(Dataset items)

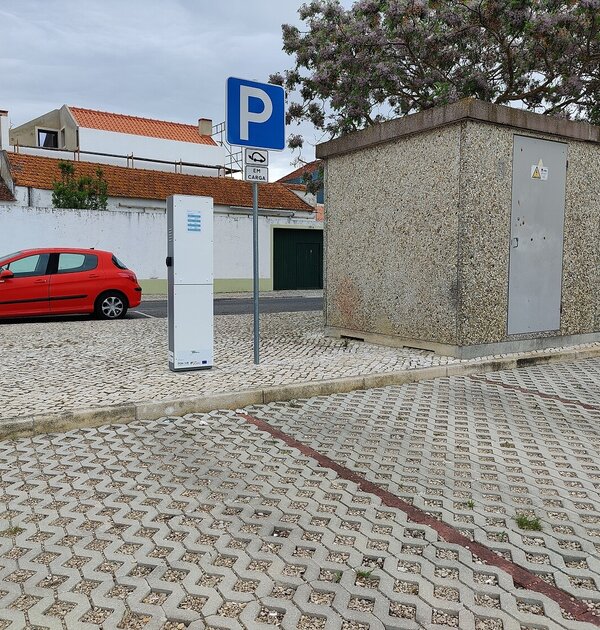 Posto de carregamento de veículos elétricos em funcionamento
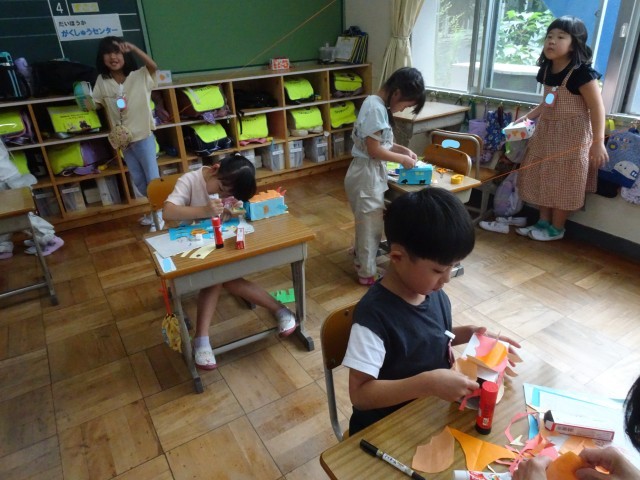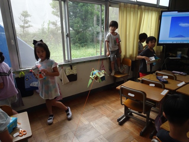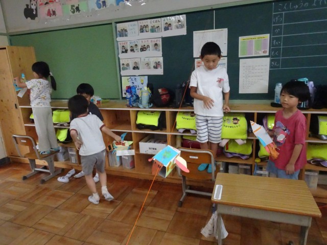 作品ができあがった子から、実際にひもにかけて滑らせています。
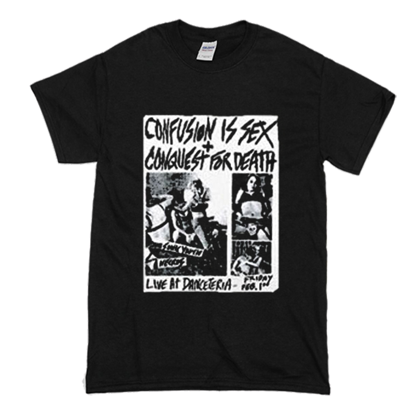 We use DTG Technology to print Confusion is sex + Conquest for Death T-Shirt (BSM) .
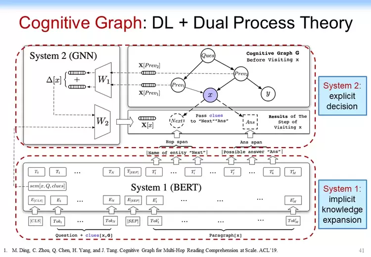 现在,在这两个系统中,System 1 是一个直觉系统,我们用 BERT 来实现,实现了以后,我们就可以做相关的信息的匹配;System 2 就用一个图卷积网络来实现,在图卷积网络中可以做一定的推理和决策。通过这个思路,我们就可以实现一定的推理+决策。
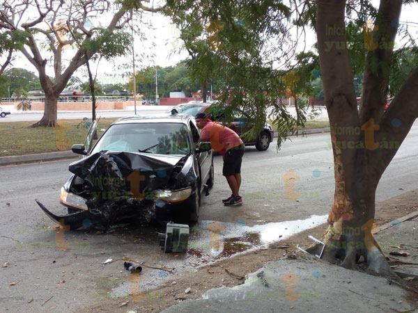Por lo que se estampó en un árbol de flamboyán. Por el impacto, la conductora del vehículo y su tripulante, se quejaban de dolor en el cuerpo, el copiloto bajó por su propio pie mientras la dama se quedó en espera de los paramédicos.
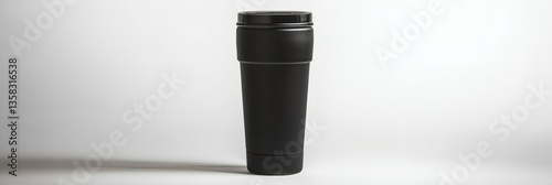 © Tho in your picture, Fototapeta premium Sleek Black Reusable Tumbler on a Minimalist White Background Studio Shot
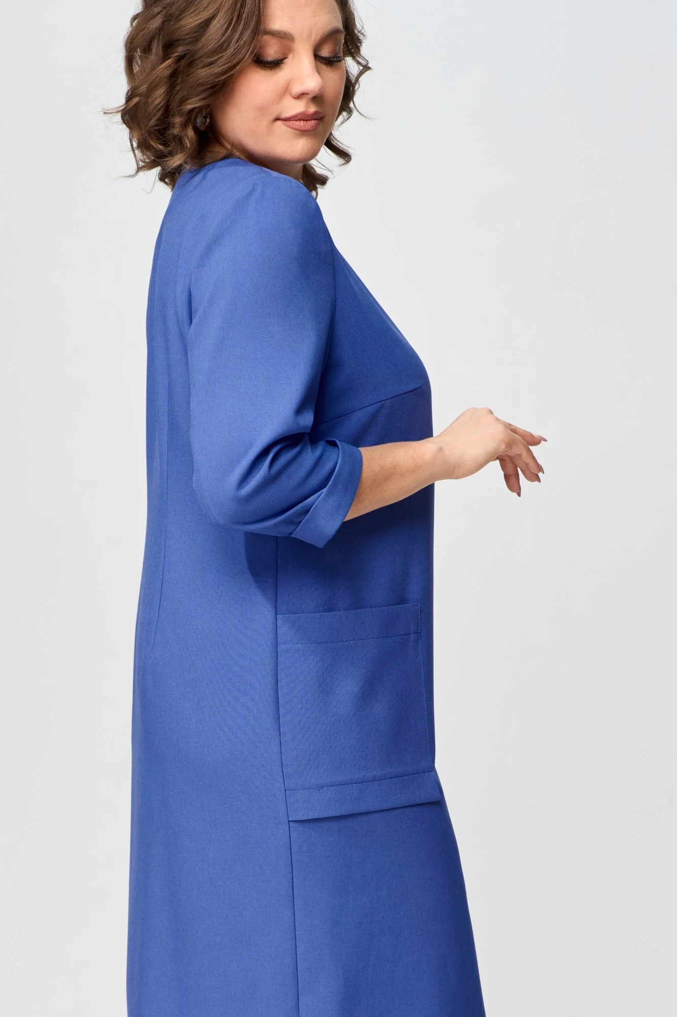 По переду платье ассиметричное: в левой части переда расположена отлетная кокетка до уровня талии с деталями в области плеча из отделочной ткани, в правой части в области бедер расположен накладной карман. Дополнением платья служат пуговицы в цвет отделки.
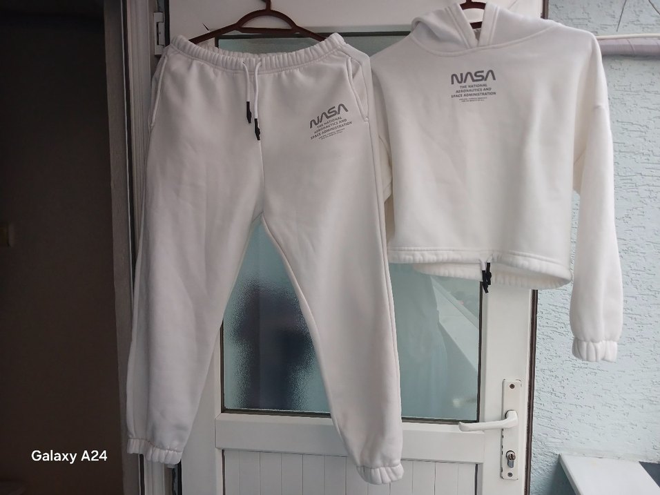 Ürünün arka kısmında hafif sarılık mevcuttur. Yumuşak ve sıcak kumaştan, NASA baskılı, bol kesim beyaz eşofman altı. Rahat ve şık, dış mekan kullanımı için uygun. ️

Task brief: What you give back must be exactly the lines from the opening line of the entries through the line holding "Por lo que se", with no pictures.

Your solution:
 Posto de carregamento de veículos elétricos em funcionamento
 作品ができあがった子から、実際にひもにかけて滑らせています。
 We use DTG Technology to print Confusion is sex + Conquest for Death T-Shirt (BSM) .
 现在,在这两个系统中,System 1 是一个直觉系统,我们用 BERT 来实现,实现了以后,我们就可以做相关的信息的匹配;System 2 就用一个图卷积网络来实现,在图卷积网络中可以做一定的推理和决策。通过这个思路,我们就可以实现一定的推理+决策。
Por lo que se estampó en un árbol de flamboyán. Por el impacto, la conductora del vehículo y su tripulante, se quejaban de dolor en el cuerpo, el copiloto bajó por su propio pie mientras la dama se quedó en espera de los paramédicos.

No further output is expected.